All that is wanted is the exact lines from the first line of the data below through the line with "Потім фотограф взявся", both ends included, with pictures omitted.

Given information:
————
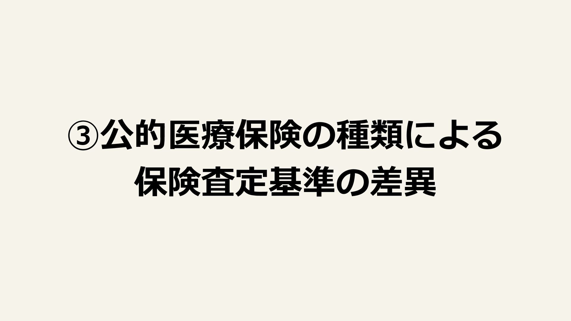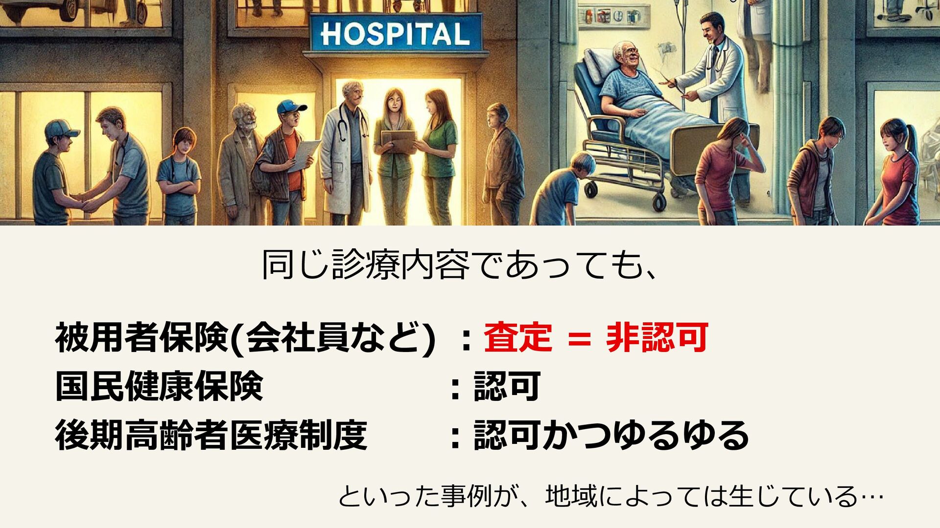 同じ診療内容であっても、 被用者保険(会社員など) :査定 = 非認可 国民健康保険 :認可 後期高齢者医療制度 :認可かつゆるゆる といった事例が、地域によっては生じている…
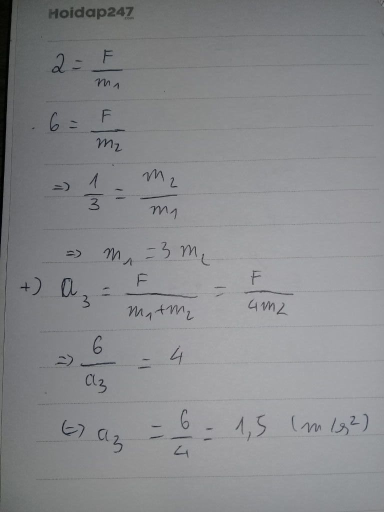 Ta có: a=$\frac{F}{m1+m2}$ =$\frac{F}{3m2 +m2}$ =$\frac{F}{4m2}$ (2).
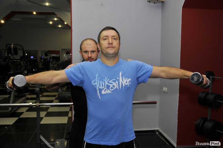 Потім фотограф взявся пропрацьовувати плечі. Почалося все із жиму у тренажері з вагою 15 кілограмів та махів у тренажері.
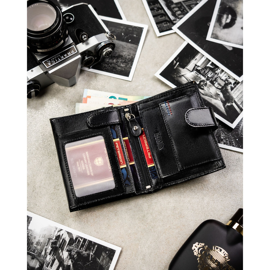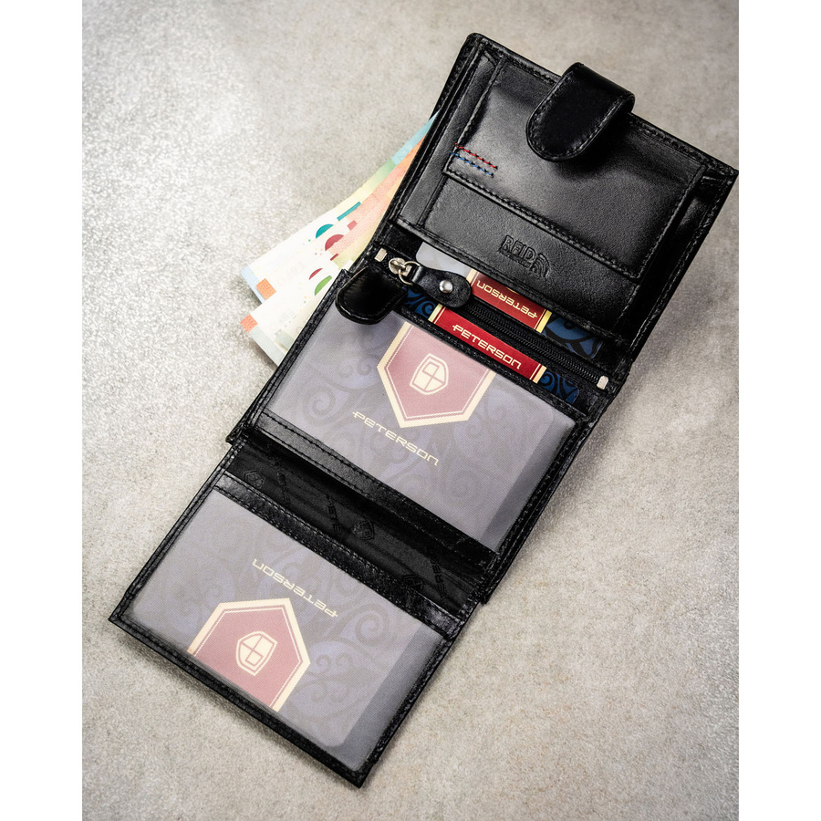 Portfel zaprojektowano tak, aby zapewnić wygodę i porządek. Wszystkie dokumenty, rachunki i karty znajdą tu swoje miejsce — bez upychania i chaosu. W środku znajdziesz:
————
Solution to the problem:
 同じ診療内容であっても、 被用者保険(会社員など) :査定 = 非認可 国民健康保険 :認可 後期高齢者医療制度 :認可かつゆるゆる といった事例が、地域によっては生じている…
 Ta có: a=$\frac{F}{m1+m2}$ =$\frac{F}{3m2 +m2}$ =$\frac{F}{4m2}$ (2).
 Потім фотограф взявся пропрацьовувати плечі. Почалося все із жиму у тренажері з вагою 15 кілограмів та махів у тренажері.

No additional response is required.